Characterisation of novel perennial ryegrass host–Neotyphodium endophyte associations

Abstract. The temperate pasture grass Lolium perenne L. is commonly found in symbiotic association with the asexual fungal endophyte Neotyphodium lolii. Levels of endophyte colonisation and alkaloid content were evaluated in associations formed by plant genotypes from cv. Bronsyn with the standard endophyte (SE) and five distinct commercial endophyte strains. Bronsyn–SE produced all of the measured alkaloids (lolitrem B, peramine, and ergovaline). Bronsyn–AR1 produced only peramine, while Bronsyn–AR37 produced none of the tested alkaloids.

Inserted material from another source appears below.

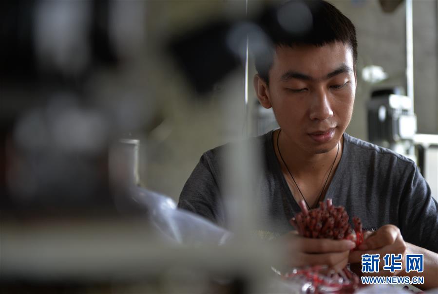 6月4日,一名工人在永州市新田縣一處易地搬遷集中安置點(diǎn)的扶貧車間里加工電器零部件。新華社記者趙眾志攝。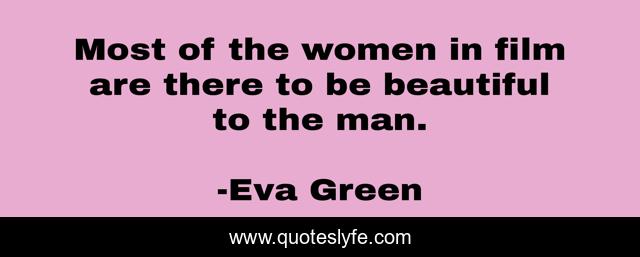 This page presents the quote "Most of the women in film are there to be beautiful to the man.". Author of this quote is Eva Green. This quote is about beautiful, film, man,.

Bronsyn–NEA2, Bronsyn–NEA3, and Bronsyn–NEA6 produced both ergovaline and peramine. Both endophyte strain and host genotype exerted significant effects on alkaloid production. Analysis of endophyte colonisation using qPCR revealed differences between each association. With the exception of Bronsyn–AR1 and Bronsyn–NEA3, host genotype also significantly affected colonisation levels. Phenotypic performance of each association was also assessed, based on measurement of morphological traits under glasshouse conditions in hydroponic culture. Significant variation due to different endophyte and host genotypes was observed. Collectively, these studies confirm that differences in both endophyte and host genotypes contribute to host–endophyte performance in a complex interactive manner.